Training falled after 60000 iterations

Question

Training falled after 60000 iterations

qiuqiangkong opened this issue 5 years ago · comments

Hi, really brilliant code! when I run the pytorch implementation, I found the trianing and validation loss increases dramtically after 60000 iterations. The loss curve looks like: https://drive.google.com/open?id=1_64-jD3hOtXmrOoVMq5hD8pWfmEUc7yE

Do you have any idea of this increased loss? Thank you very much!

Qiuqiang

CJ Carr · Answer 1 · Thu Dec 06 2018 10:45:32 GMT+0800 (China Standard Time)

The pytorch implementation doesn’t behave exactly the same as theano version. For example, they implement normalization differently. And even if they were coded the same, frameworks make different-level assumptions, and it doesnt translate perfectly. My pytorch version runs faster but the quality isnt as good. It’s notoriously hard to debug moving a model from one framework to another. One thing the pytorch version could benefit from is adding skip connections. I recommend doing it and submitting a PR :) As for why gradient descent does that sometimes, good question. I don’t know how to debug that. Maybe it got stuck in saddle and finally freed itself? No idea. Maybe try a different optimizer or learning rate. I saw a good poster at ICLR about cyclic learning rates.

…

On Wed, Dec 5, 2018 at 9:44 AM qiuqiangkong ***@***.***> wrote: Hi, really brilliant code! when I run the pytorch implementation, I found the trianing and validation loss increases dramtically after 60000 iterations.
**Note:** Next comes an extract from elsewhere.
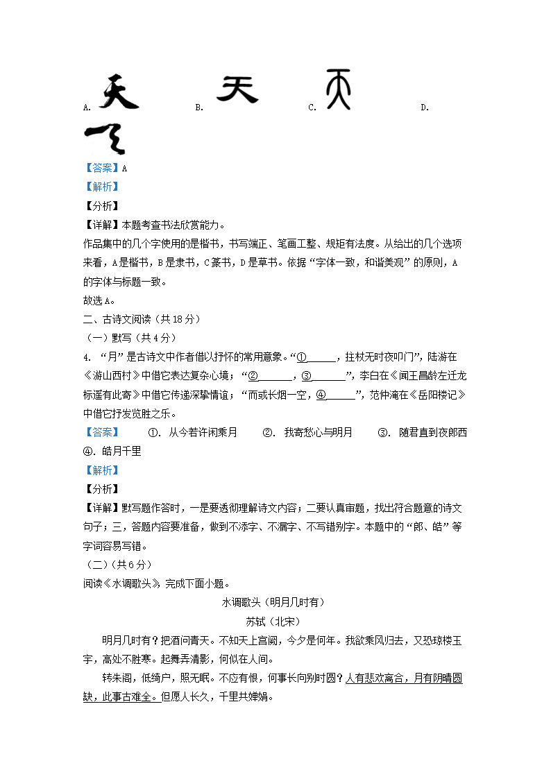 2021-2022学年北京大兴区初三第一学期语文期末试卷及答案(Word版)06-28

The loss curve looks like: https://drive.google.com/open?id=1_64-jD3hOtXmrOoVMq5hD8pWfmEUc7yE Do you have any idea of this increased loss? Thank you very much! Qiuqiang — You are receiving this because you are subscribed to this thread. Reply to this email directly, view it on GitHub <#26>, or mute the thread <https://github.com/notifications/unsubscribe-auth/ACVxZZVIWcy-8AearUphTnFRGeBgpyAUks5u19vlgaJpZM4ZC34P> .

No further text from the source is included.